Both economic migrants and asylum seekers fleeing war would be sent back to Turkey. Europe is pledging to roll out a “one-to-one” deal on Syrians – meaning that for every Syrian returned, another would be brought legally from Turkey into Europe.

Syrians who try to enter the EU via Greece illegally, however, would mostly lose the right to apply for legal resettlement. And the citizens of other nations at war – including Iraq – would have no hope of participating in the program.

There are currently 2.7 million Syrian refugees in Turkey. Initially, Europe would only offer legal slots for up to 72,000. Since the plan is not mandatory, however, European nations would need to volunteer to take the Syrians in.

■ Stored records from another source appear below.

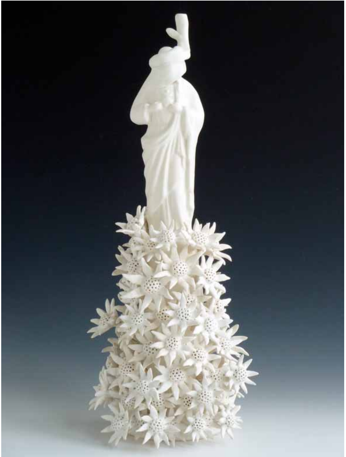
51. Lynda Draper. Jesus II, hand built porcelainous stoneware, multiple glaze firings, 48 x 14 x 14 cm
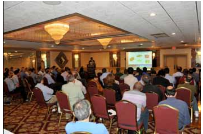
Symposium participants, listening to one of the presentations

The event was well attended and overall attendance was around 210.
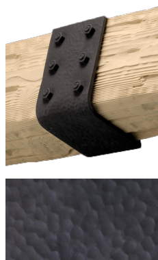
HAMMERED BEAM STRAP
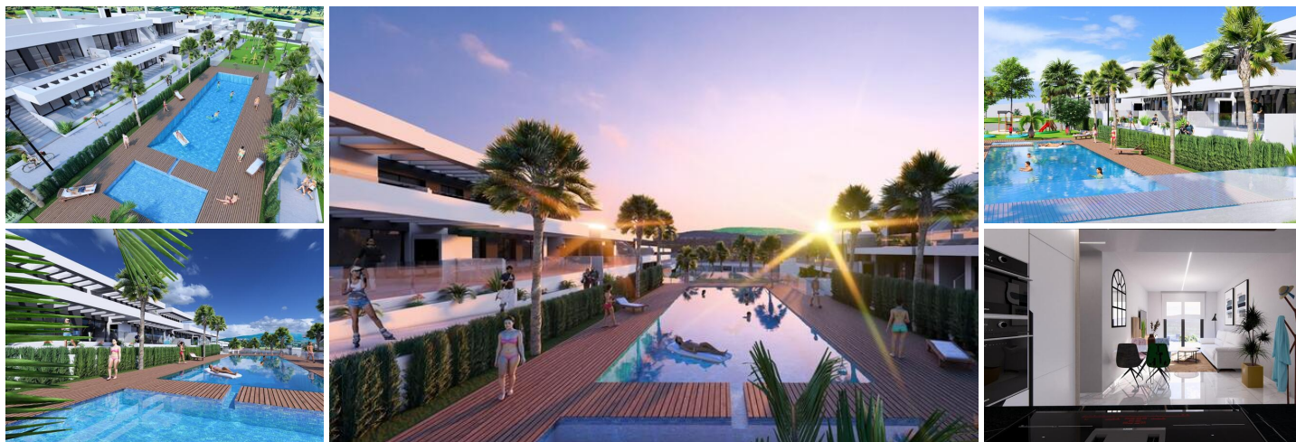
Exclusive New Construction Bungalows in La Finca Golf, Algorfa
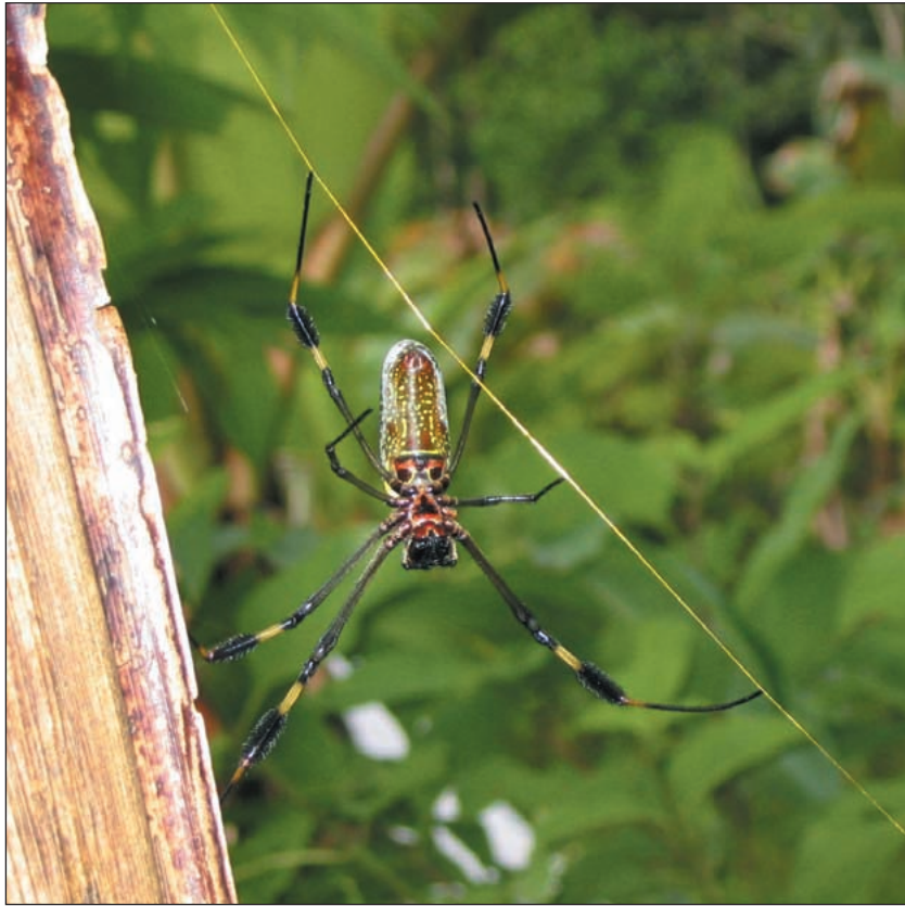
Figure 4. Large amounts of natural vegetation in and around agricultural areas can increase the abundance and diversity of species, such as this orb spider, that are beneficial to agriculture – but are they functionally important in a larger sense?

heavy-input farming to medium-scale farming that incorporates nature-mimicking processes. A transition period will be necessary, during which farmers will rely on the continued use of increasingly selective pesticides and other inputs. The challenge that faces both conservationist biologists and growers is maximizing yields while minimizing environmental impacts.
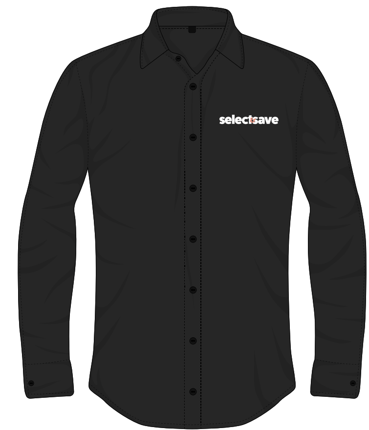
Men's poplin shirt in Black with embroidered logo in White and Peach
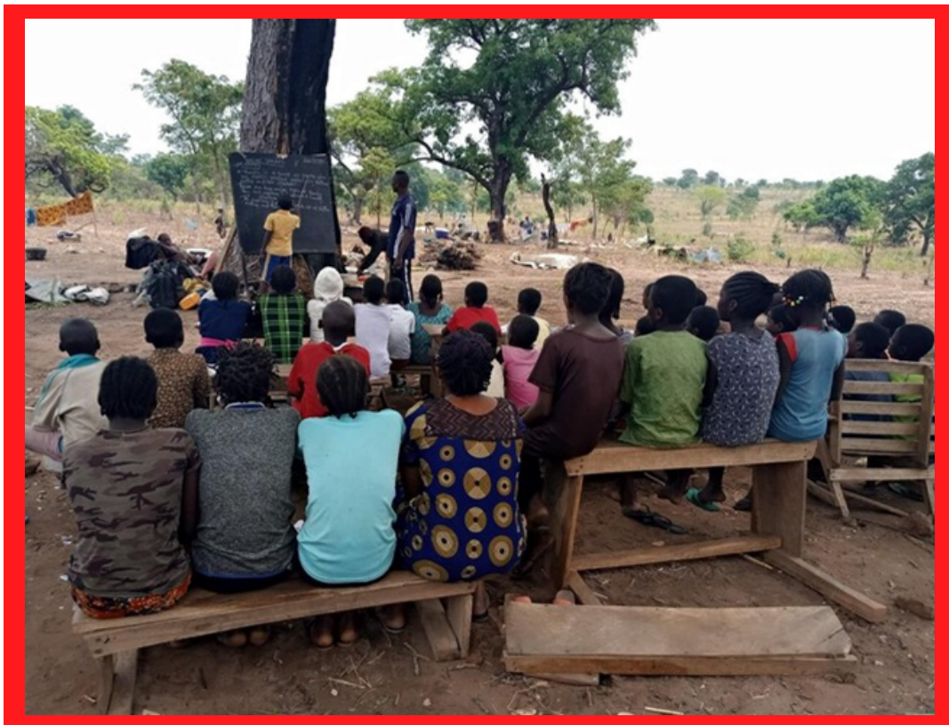
IDPs learning under trees at Ukpiam, Guma Lga of Benue.

Despite this, many stand strong in their faith.
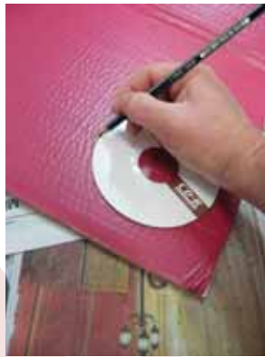
Step five Use the pencil to draw around the CD, creating a pattern of circles over the screen.
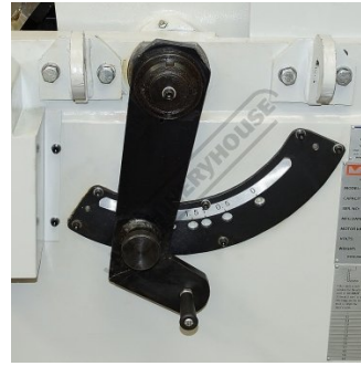
Rapid Blade Adjustment for Material Thickness
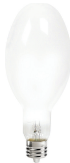
EX39, ED-37, Coated

It remains unclear which of the 28 EU nations would be willing to do that.

Franck Duvell, a migration studies professor at the University of Oxford, said there’s good reason why asylum-seekers from Syria and other war zones don’t want to settle in Turkey, including the absence of full-fledged refugee protection.

“Displaced people need to know where they can rebuild their lives.” he said. “The assumption that Turkey is a safe country doesn’t withstand legal scrutiny.”

Beyond the legal hurdles, Duvell said there were also practical considerations. “How is it technically possible to administer the return of tens of thousands of people from Greece to Turkey?” he asked.

And even if a deal is struck, Duvell said he doubted that people would be dissuaded from making the voyage: Many of those now traveling, he said, are the wives and children of men who ventured to Europe last year, and now want to reunify their families.